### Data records
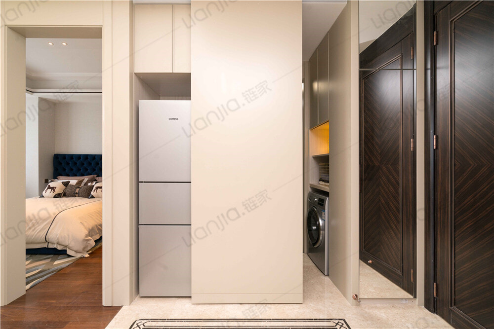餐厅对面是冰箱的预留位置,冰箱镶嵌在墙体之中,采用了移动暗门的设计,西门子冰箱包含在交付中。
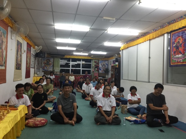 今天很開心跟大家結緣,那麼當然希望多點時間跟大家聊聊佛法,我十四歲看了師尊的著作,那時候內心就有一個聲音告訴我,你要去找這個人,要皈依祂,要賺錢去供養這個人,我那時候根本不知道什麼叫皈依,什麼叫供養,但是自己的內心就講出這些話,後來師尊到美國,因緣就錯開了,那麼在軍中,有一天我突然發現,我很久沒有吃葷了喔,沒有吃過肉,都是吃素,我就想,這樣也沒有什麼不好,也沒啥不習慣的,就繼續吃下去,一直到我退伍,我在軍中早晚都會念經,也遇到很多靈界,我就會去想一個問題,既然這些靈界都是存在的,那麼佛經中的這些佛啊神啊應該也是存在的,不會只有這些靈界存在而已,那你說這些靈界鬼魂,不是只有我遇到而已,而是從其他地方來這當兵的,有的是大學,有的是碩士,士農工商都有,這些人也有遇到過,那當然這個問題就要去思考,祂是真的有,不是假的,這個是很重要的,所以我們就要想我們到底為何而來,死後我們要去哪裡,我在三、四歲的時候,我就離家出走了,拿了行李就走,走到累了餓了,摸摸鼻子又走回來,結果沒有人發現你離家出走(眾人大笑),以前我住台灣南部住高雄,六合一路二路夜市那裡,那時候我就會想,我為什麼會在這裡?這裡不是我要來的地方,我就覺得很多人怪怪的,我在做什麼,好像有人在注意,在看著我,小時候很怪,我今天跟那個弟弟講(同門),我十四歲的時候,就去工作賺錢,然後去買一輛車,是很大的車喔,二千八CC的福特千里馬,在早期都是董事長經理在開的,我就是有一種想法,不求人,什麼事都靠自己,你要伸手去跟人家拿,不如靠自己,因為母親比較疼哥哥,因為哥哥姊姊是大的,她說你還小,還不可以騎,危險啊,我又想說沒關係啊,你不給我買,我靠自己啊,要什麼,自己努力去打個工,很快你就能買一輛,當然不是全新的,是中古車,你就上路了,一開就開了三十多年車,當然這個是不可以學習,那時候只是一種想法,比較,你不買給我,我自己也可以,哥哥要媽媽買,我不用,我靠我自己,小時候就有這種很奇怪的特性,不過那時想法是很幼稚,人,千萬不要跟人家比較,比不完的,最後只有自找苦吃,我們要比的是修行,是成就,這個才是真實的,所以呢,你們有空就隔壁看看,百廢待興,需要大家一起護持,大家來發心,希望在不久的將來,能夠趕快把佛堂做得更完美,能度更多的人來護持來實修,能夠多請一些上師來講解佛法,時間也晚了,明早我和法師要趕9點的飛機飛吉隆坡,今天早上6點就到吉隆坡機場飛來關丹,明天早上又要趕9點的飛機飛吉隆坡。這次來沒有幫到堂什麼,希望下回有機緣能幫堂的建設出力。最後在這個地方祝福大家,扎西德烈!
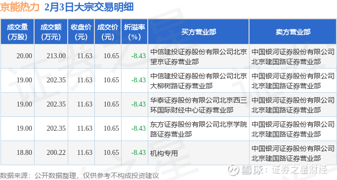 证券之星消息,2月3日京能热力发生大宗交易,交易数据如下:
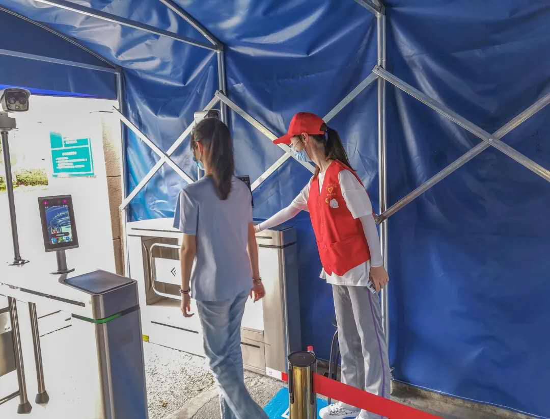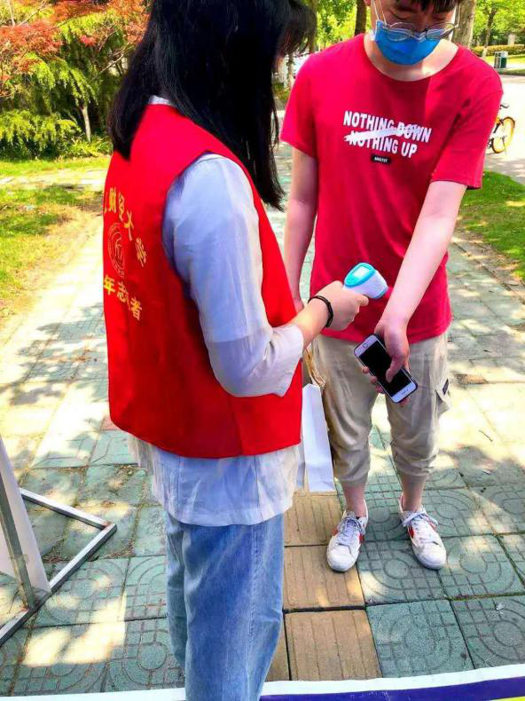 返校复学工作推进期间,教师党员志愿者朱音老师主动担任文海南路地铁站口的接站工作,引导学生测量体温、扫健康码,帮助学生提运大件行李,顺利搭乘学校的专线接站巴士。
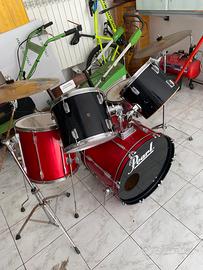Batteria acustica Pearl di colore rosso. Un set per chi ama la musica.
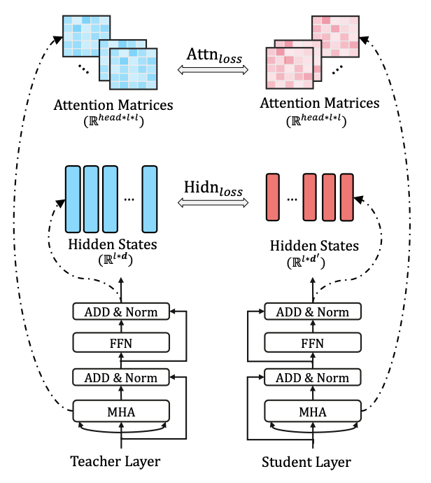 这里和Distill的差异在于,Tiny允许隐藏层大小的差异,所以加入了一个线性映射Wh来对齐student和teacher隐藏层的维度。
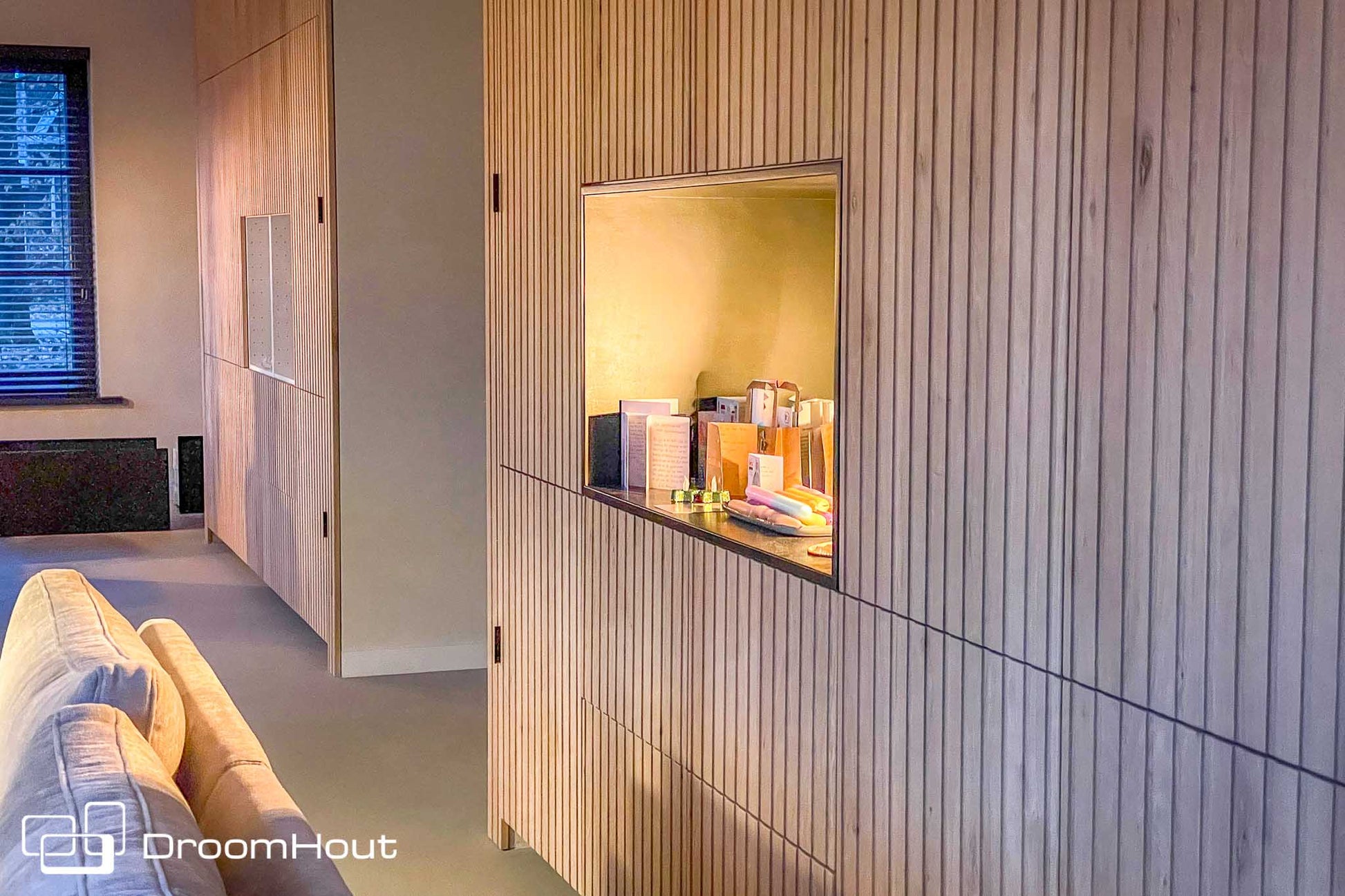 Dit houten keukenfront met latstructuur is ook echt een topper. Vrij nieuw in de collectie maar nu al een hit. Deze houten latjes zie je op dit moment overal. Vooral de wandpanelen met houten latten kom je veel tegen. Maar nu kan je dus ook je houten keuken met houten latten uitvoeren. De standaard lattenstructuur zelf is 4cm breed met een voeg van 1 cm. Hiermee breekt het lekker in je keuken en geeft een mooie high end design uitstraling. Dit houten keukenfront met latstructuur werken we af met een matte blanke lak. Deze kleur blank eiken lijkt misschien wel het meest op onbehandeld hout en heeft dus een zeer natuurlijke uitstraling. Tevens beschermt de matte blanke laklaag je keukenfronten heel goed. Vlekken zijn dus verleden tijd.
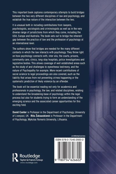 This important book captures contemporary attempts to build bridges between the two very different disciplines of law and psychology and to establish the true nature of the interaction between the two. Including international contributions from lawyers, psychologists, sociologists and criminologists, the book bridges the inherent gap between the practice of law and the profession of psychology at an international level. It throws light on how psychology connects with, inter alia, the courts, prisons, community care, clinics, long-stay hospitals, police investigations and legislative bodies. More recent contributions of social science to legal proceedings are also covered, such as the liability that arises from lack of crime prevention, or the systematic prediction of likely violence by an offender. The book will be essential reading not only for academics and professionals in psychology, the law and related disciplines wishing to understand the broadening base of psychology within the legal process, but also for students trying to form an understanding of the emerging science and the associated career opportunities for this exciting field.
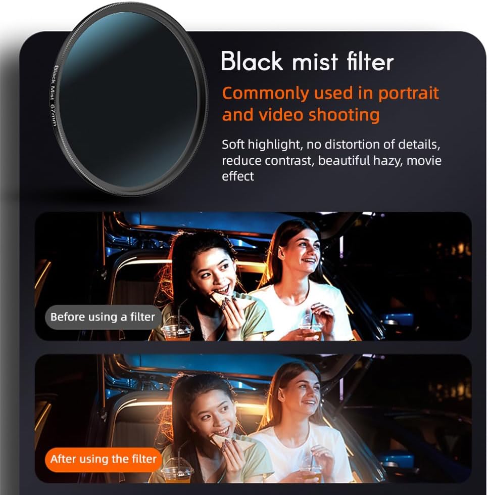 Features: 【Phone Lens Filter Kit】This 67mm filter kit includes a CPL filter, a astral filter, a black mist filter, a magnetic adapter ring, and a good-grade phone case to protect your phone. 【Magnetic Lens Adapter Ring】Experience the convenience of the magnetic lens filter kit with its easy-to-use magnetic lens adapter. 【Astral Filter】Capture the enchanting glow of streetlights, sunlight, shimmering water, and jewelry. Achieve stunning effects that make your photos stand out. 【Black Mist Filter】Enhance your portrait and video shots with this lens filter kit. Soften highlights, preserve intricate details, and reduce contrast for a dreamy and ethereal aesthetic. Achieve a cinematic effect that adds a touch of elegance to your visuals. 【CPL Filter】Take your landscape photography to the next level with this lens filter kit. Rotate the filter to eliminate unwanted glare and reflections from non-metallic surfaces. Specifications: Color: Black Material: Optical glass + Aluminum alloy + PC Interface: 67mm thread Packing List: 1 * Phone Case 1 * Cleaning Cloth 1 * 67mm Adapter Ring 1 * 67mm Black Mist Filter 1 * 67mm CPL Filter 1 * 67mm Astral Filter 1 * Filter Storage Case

### What is expected
With the pictures removed from your copy, retype the lines above from the one that contains "返校复学工作推进期间,教师党" through the one that contains "这里和Distill的差异在", exactly.

### Final answer
 返校复学工作推进期间,教师党员志愿者朱音老师主动担任文海南路地铁站口的接站工作,引导学生测量体温、扫健康码,帮助学生提运大件行李,顺利搭乘学校的专线接站巴士。
Batteria acustica Pearl di colore rosso. Un set per chi ama la musica.
 这里和Distill的差异在于,Tiny允许隐藏层大小的差异,所以加入了一个线性映射Wh来对齐student和teacher隐藏层的维度。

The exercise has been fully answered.